**EXERCISE OBJECTIVE:** This task calls for the lines below starting at the one containing "项目地址位于深圳市南山区桃源" and ending at the one containing "6 Pack Extra", repeated exactly with both ends kept and pictures left out.

**GIVEN DATA:**
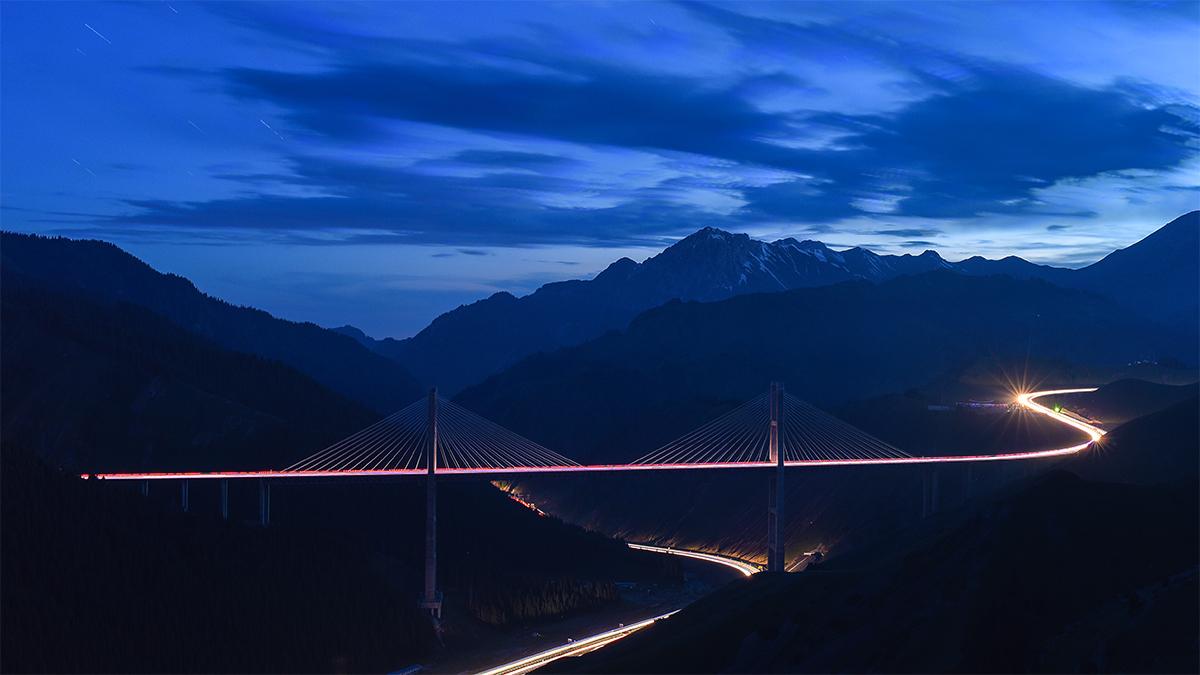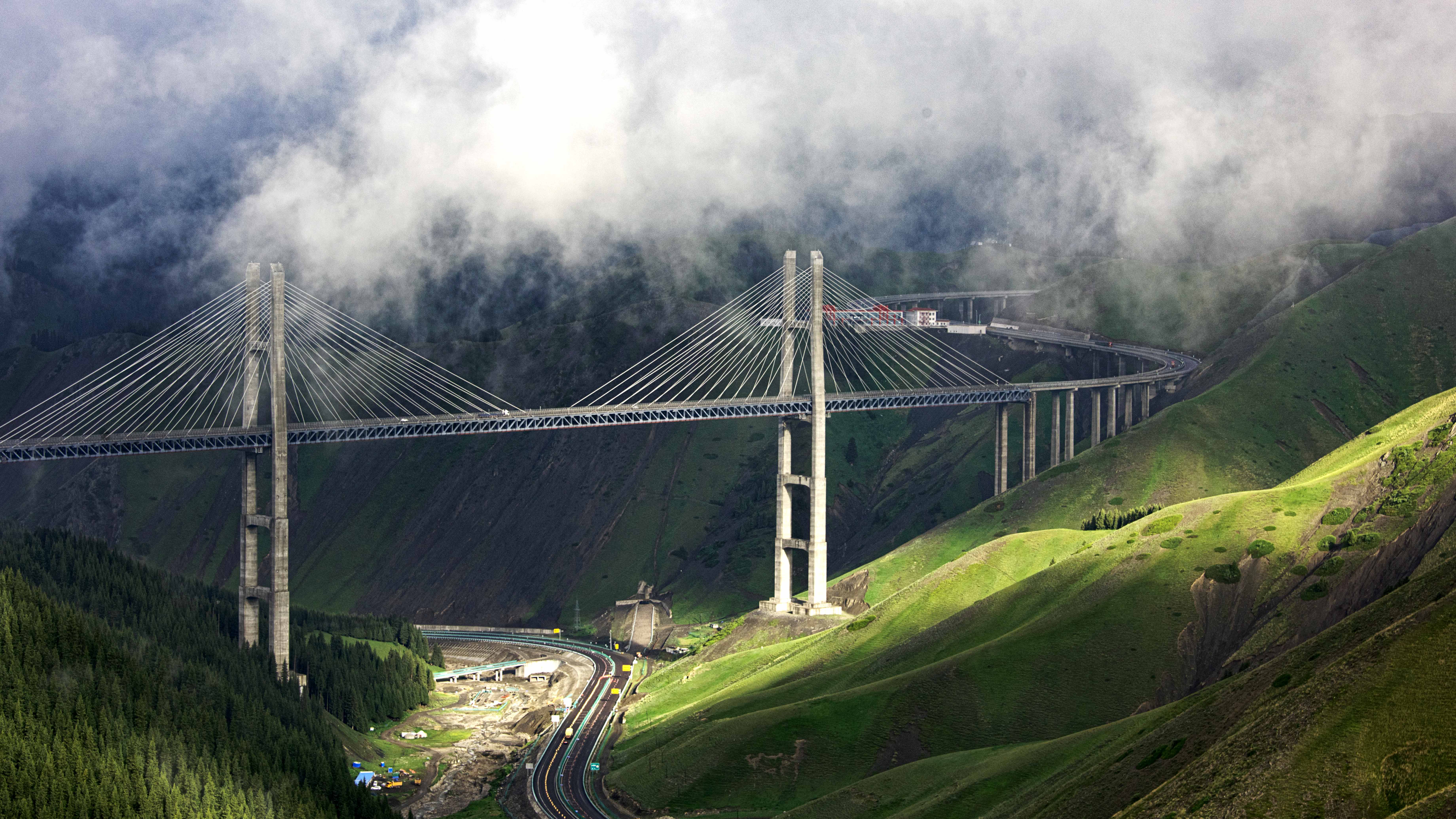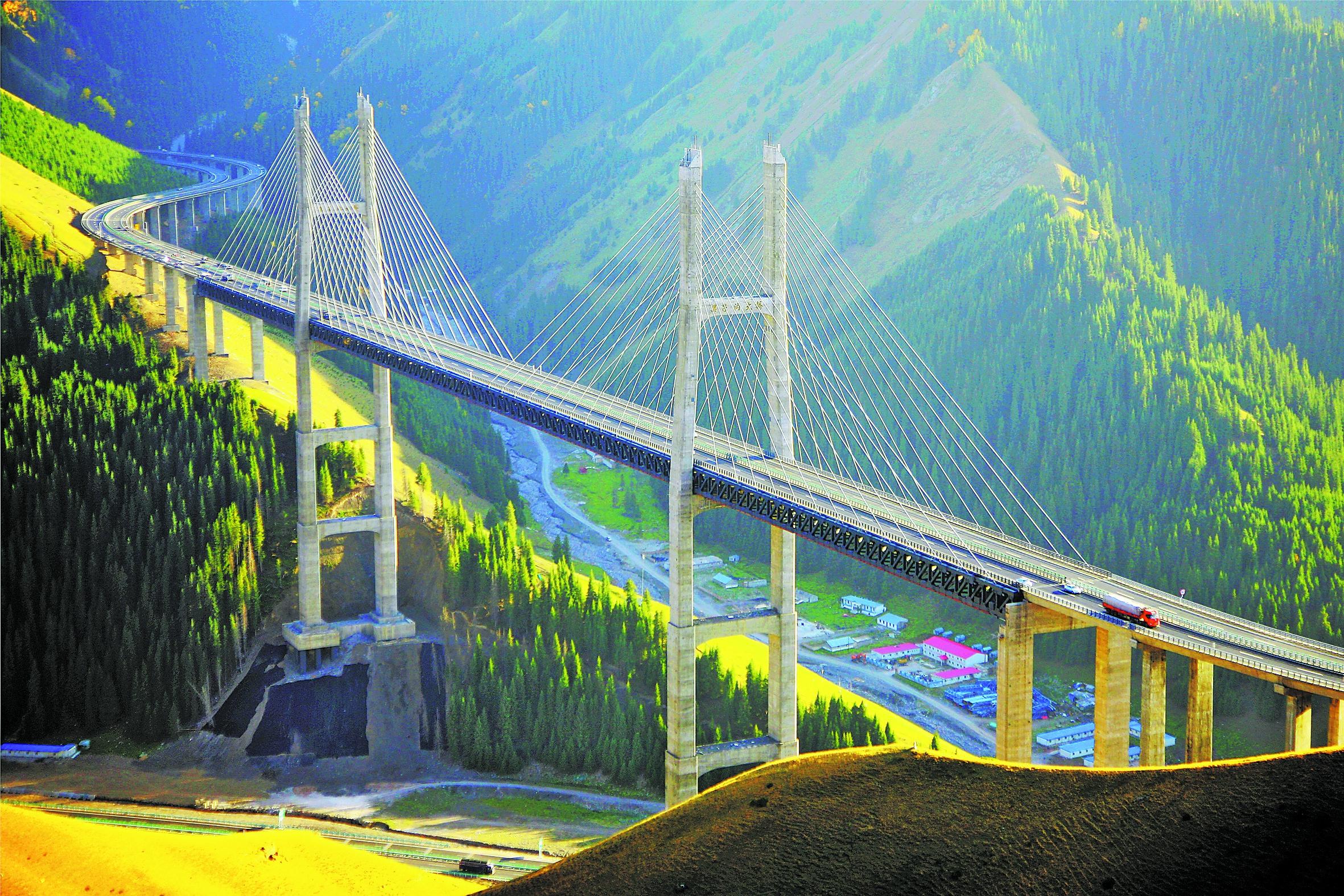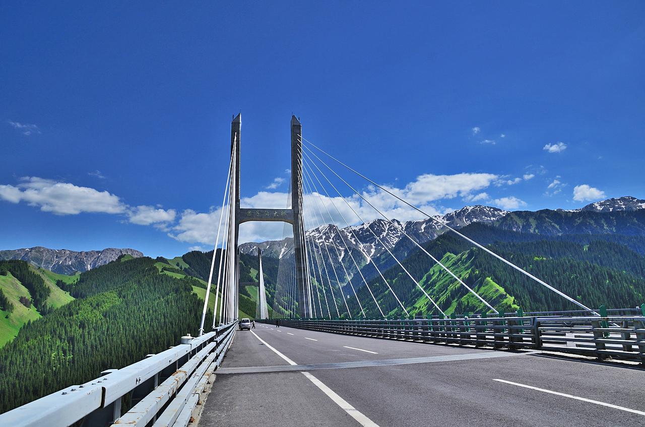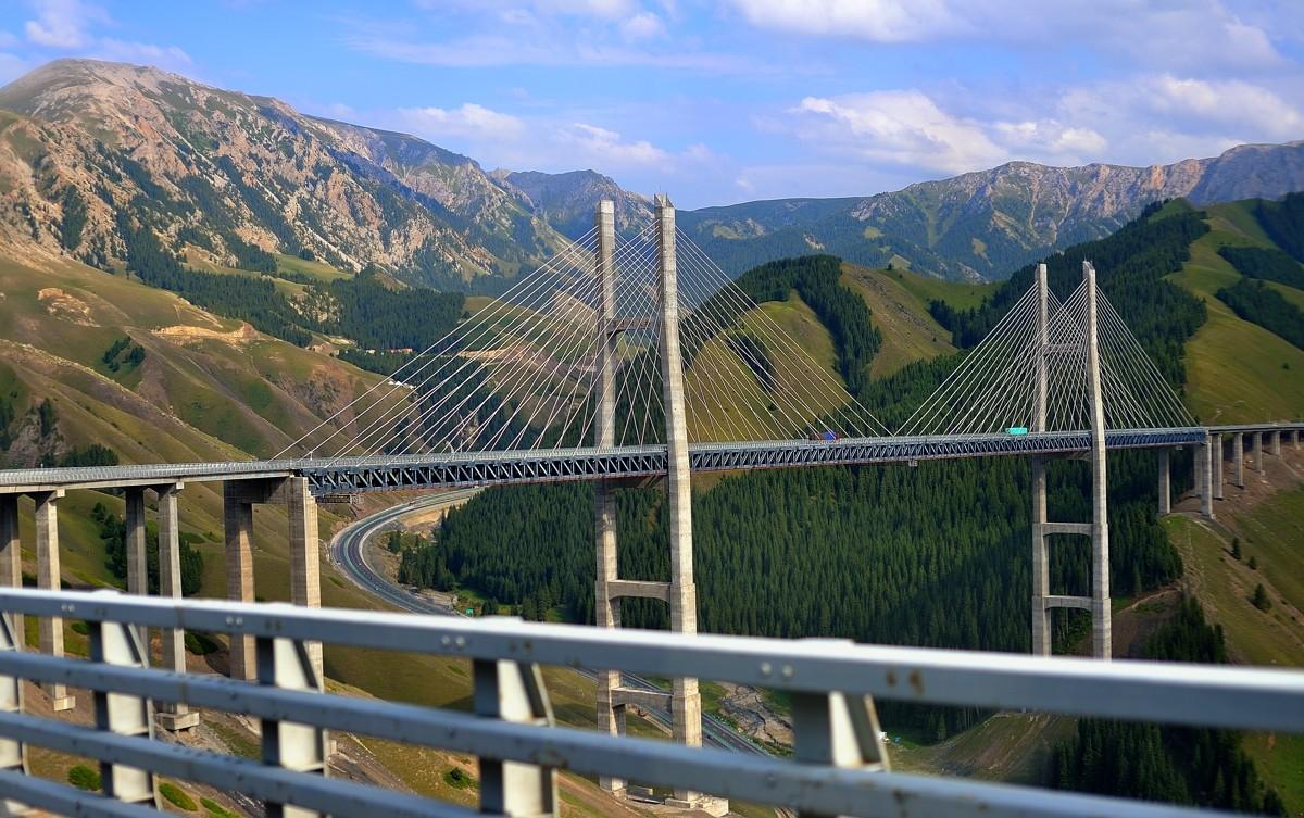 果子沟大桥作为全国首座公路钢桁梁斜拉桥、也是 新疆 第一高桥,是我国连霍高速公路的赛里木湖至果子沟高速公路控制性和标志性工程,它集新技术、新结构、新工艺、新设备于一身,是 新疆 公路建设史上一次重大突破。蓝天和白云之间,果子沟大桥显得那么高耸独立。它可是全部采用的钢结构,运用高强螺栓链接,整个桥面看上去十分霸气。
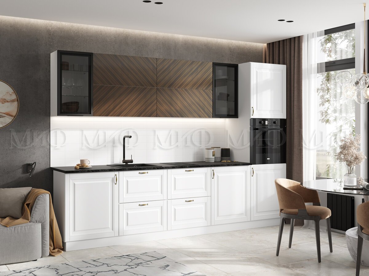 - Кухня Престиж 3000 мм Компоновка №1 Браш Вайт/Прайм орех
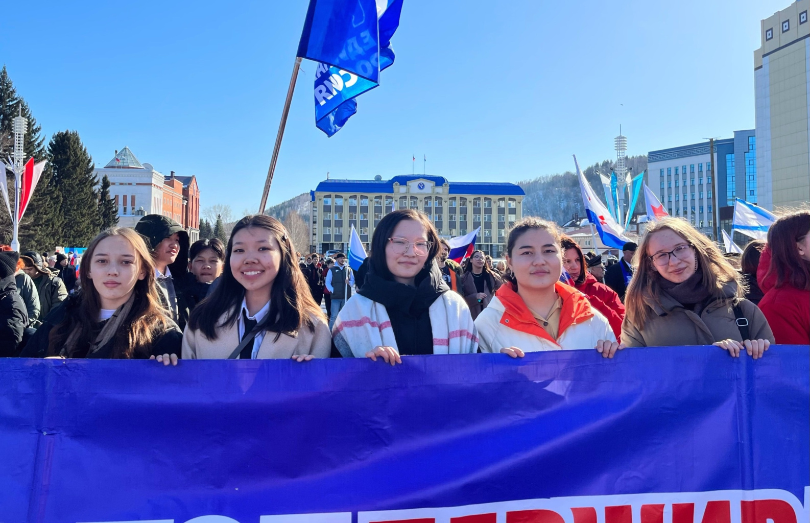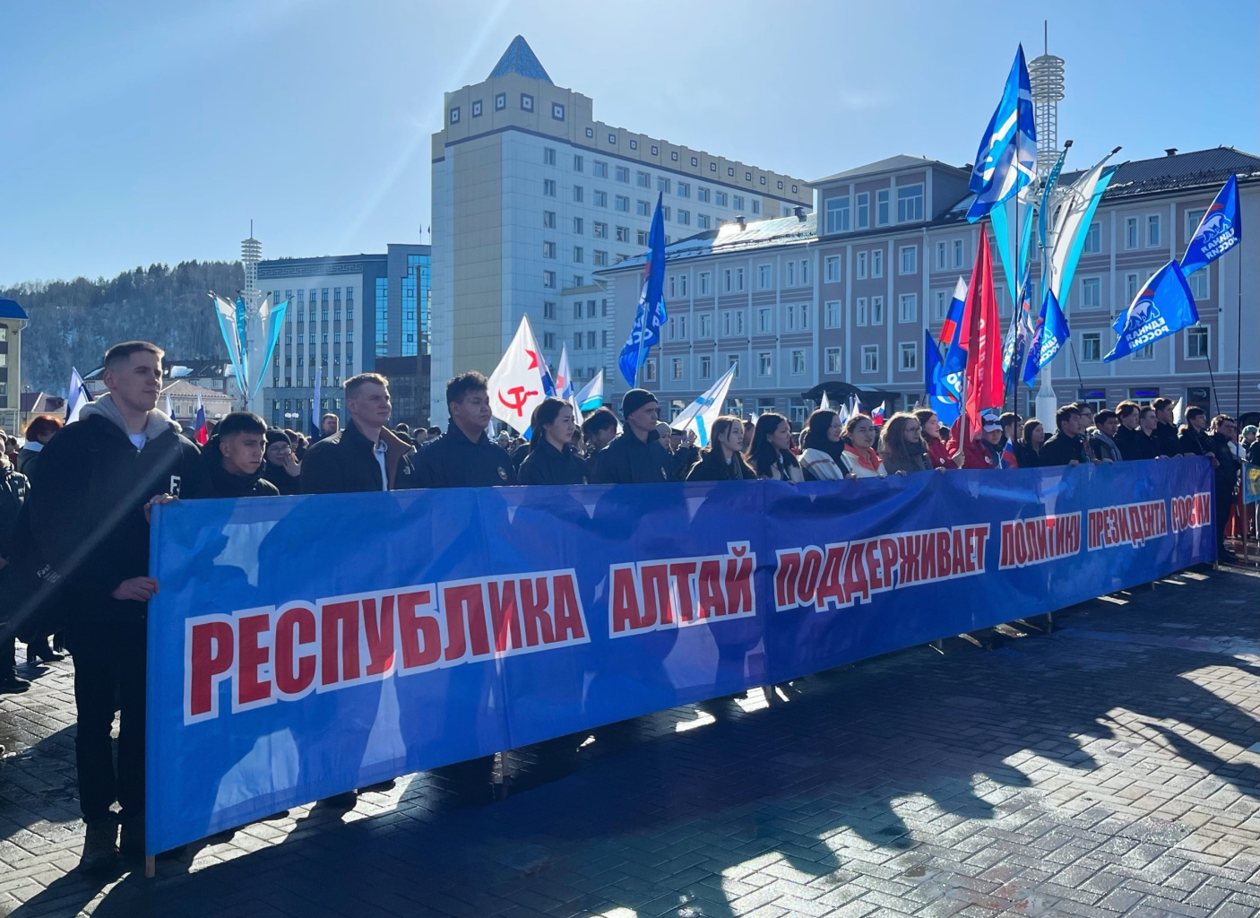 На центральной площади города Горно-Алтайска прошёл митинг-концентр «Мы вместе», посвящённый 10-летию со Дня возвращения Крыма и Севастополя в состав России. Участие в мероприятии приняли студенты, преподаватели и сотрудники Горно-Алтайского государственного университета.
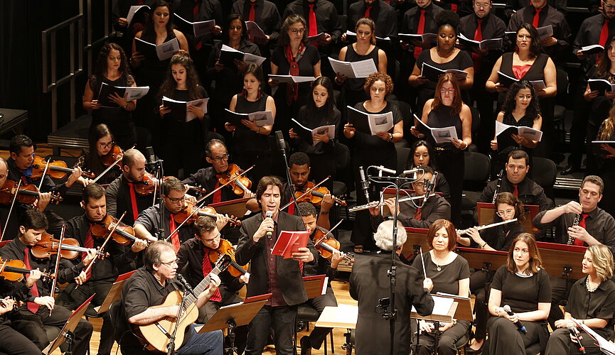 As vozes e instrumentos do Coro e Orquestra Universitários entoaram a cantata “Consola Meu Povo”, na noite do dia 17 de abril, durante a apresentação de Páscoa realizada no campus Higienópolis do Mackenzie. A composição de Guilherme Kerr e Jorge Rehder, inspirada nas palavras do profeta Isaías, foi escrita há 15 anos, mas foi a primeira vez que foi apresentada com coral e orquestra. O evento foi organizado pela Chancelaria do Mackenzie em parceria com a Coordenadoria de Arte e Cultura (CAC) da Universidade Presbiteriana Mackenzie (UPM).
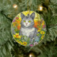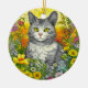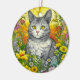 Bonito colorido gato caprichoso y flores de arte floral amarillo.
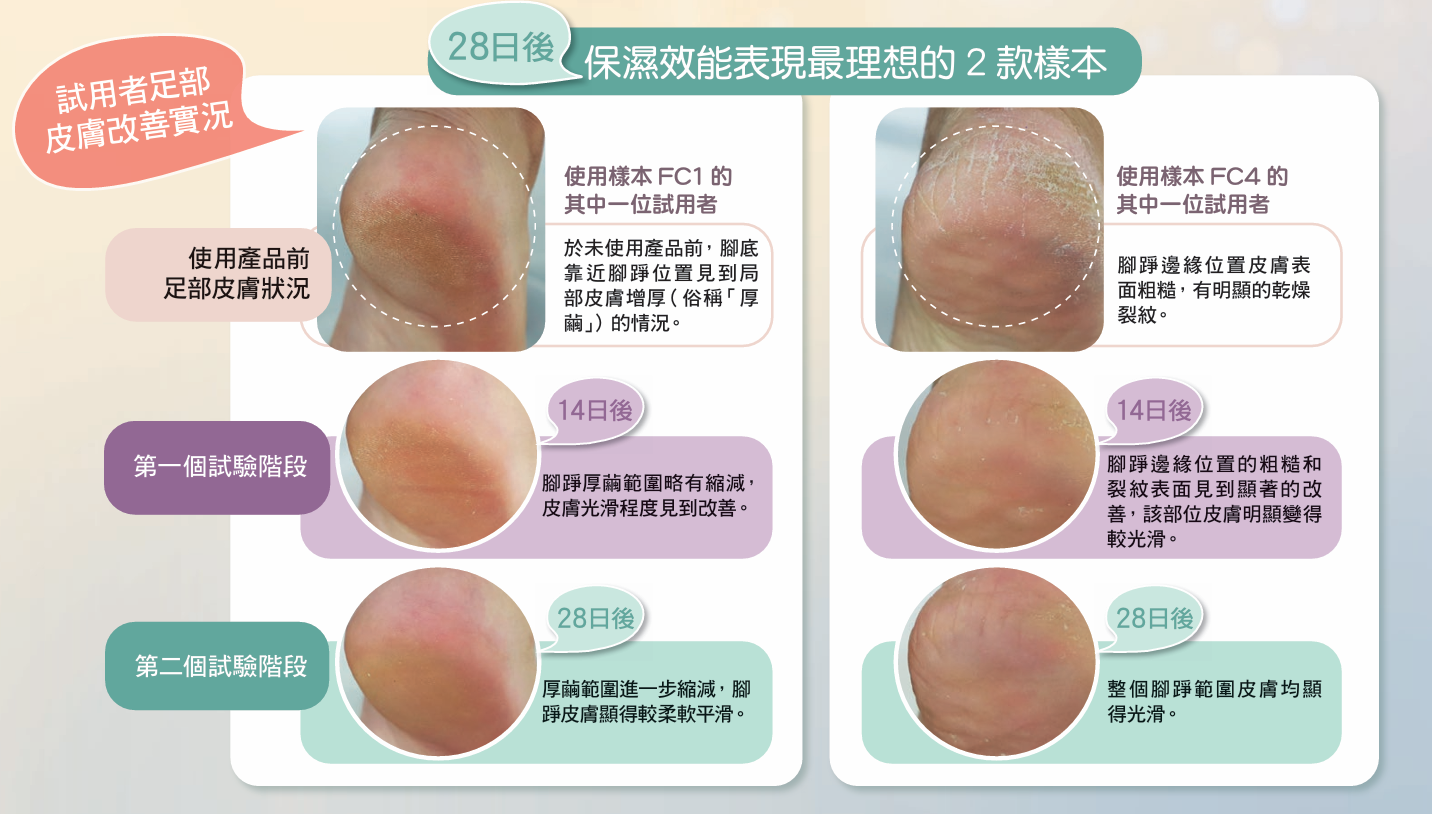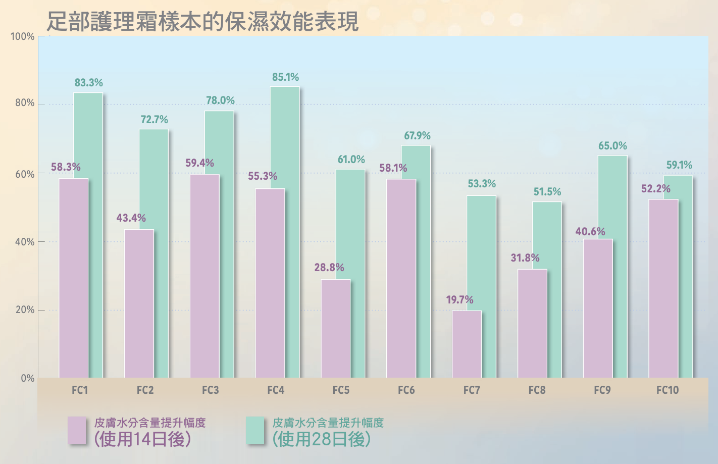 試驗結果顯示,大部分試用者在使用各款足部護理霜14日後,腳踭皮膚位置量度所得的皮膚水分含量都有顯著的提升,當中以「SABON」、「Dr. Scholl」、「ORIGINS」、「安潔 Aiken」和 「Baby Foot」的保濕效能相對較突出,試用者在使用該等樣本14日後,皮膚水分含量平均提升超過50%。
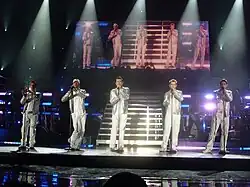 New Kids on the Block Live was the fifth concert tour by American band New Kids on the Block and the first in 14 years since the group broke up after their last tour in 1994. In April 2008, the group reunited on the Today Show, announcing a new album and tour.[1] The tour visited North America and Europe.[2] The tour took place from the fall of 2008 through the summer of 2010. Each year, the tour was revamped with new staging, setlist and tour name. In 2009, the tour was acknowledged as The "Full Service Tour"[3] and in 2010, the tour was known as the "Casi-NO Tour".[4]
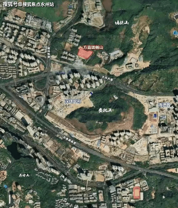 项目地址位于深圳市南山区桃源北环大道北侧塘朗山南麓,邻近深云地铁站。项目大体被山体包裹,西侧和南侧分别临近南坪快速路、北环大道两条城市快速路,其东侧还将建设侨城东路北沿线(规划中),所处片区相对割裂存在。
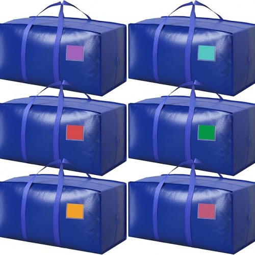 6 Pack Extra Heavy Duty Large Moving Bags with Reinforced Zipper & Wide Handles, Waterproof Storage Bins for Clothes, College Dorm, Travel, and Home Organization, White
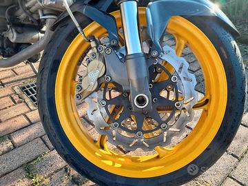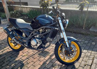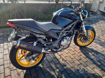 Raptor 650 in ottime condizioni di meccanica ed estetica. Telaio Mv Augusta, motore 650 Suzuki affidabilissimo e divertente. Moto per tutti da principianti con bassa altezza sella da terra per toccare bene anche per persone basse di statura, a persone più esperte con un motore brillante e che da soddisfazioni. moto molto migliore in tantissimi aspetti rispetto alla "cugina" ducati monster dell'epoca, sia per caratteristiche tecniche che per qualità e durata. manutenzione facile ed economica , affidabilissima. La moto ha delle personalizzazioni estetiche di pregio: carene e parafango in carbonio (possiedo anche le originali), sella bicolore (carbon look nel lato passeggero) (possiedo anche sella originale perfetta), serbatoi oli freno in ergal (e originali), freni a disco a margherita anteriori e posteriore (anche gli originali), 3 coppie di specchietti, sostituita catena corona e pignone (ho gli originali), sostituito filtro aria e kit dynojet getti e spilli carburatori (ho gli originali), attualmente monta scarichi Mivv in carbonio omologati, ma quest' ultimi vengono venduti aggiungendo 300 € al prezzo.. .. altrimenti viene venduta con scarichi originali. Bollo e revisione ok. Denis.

**TASK SOLUTION:**
 项目地址位于深圳市南山区桃源北环大道北侧塘朗山南麓,邻近深云地铁站。项目大体被山体包裹,西侧和南侧分别临近南坪快速路、北环大道两条城市快速路,其东侧还将建设侨城东路北沿线(规划中),所处片区相对割裂存在。
 6 Pack Extra Heavy Duty Large Moving Bags with Reinforced Zipper & Wide Handles, Waterproof Storage Bins for Clothes, College Dorm, Travel, and Home Organization, White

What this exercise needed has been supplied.